Performance comparison
Using the script below, the wrapper described above, recursive and iterative solutions were benchmarked. The plots below show show time on the y-axis against the size of 2 input arrays on the x-axis. Green points - recursive times, red - iterative, blue star is the stack length of the array at which stack overflows. Catching stack overflow at runtime has to be done with a try/except loop, which breaks on RuntimeError.
def try_different_lengths_before_breaks(r_limit, l_limit, py_stack_limit=None):
if py_stack_limit:
sys.setrecursionlimit(py_stack_limit)
iter_arr_lengths = []
recur_arr_lengths = []
iter_times = []
recur_times = []
for arr_length in range(r_limit, l_limit, 1):
arr1 = [9 for _ in range(arr_length)]
arr2 = [1 for _ in range(arr_length)]
# good test case, because there will be a carry bit over every step
res_iter, time_iter = iter_sum(arr1, arr2)
iter_arr_lengths.append(arr_length)
iter_times.append(time_iter)
try:
res_recur, time_recur = recur_sum(arr1, arr2)
recur_arr_lengths.append(arr_length)
recur_times.append(time_recur)
if res_recur != res_iter:
print("ERROR - {} != {}".format(res_recur, res_iter))
break
except RuntimeError:
# stack limit exceeded
break
return iter_arr_lengths, iter_times, recur_arr_lengths, recur_times
def plot_results(xs, ys):
plt.axis([0, 1005, 0, 1.2])
plt.xlabel('Size of input arrays')
plt.ylabel('Time to calculate sum (ms)')
plt.title('Comparing iterative vs recursive sum methods')
iter_arr_lengths, recur_arr_lengths = xs
iters, recurs = ys
point_normal = 5
point_stack_over = 300
# plot iterative times
plt.scatter(np.array(iter_arr_lengths), np.array(iters),
s=point_normal, color="red", marker=".")
# plot recursive times
plt.scatter(np.array(recur_arr_lengths)[:-1], np.array(recurs)[:-1],
s=point_normal, color="green", marker=".")
# last point in recursive times is before stack overflow
plt.scatter(np.array(recur_arr_lengths)[-1], np.array(recurs)[-1],
s=point_stack_over, color="blue", marker="*")
fname = "sum_ints_plot.png"
plt.savefig(fname, dpi=1200)
print("Saved plot as {}".format(fname))
Stack depth limits
The first discovery was the limit to stack depth (it grows downards, contrary to common sense of adding things to the top of the stack).
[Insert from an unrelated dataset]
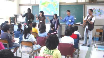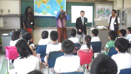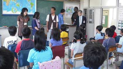 10日、4・5年生が国際理解教育に取り組みました。社団法人「国際IC日本協会」のご協力によりケニア、中国、韓国、ベトナム、カンボジア、5カ国の方においでいただき、お国の紹介をしていただき、楽しい授業となりました。地理、あいさつ、言葉、民族衣装、音楽などのことなど、たくさんのことを教えていただき、歌も聴かせてもらいました。「百聞は一見にしかず」情報だけで見聞きするのではなく、現地の方と直にコミュニケーションをとることで、理解が深まることを実感しました。

The default value is 1000 in Python 3.4 (use sys.getrecursionlimit() to look it up). Considering that recur_sum_helper is called inside recur_sum, which is wrapped and called inside __main__, we only have 996 stack frames for the recursive sum.
$$$ python3
Python 3.4.3+ (default, Oct 14 2015, 16:03:50)
[GCC 5.2.1 20151010] on linux
Type "help", "copyright", "credits" or "license" for more information.
>>> import sys
>>> sys.getrecursionlimit()
1000
Plots
The blue star marks a point of max_stack_depth. Generally, both scatter plots show linear increase in time with a sudden jump in recursive at ~900
Using the same sys module, I could setrecursionlimit to a higher than default value and explore the difference between recursive and iterative solution on bigger input arrays. As expected, iterative kept winning and recursive suffered another drastic jump in times (~1600), thought the gradient remained linear.
Conclusion
In this post, a simple problem was solved recursively and iteratively. Afterwards, both solutions were benchmarked and analysed in terms of their scalability.
A recursive solution appears to purists and can be more readable in some cases like tree traversal. In this case, the recursive solution suffered. When combined with the lack of TCO and a relatively low default recursion depth limit value in the CPython interpreter, it proved unscalable and less efficient than iterative. Additionally, wrapping a recusive function introduced a bug, which was absent from the iterative solution.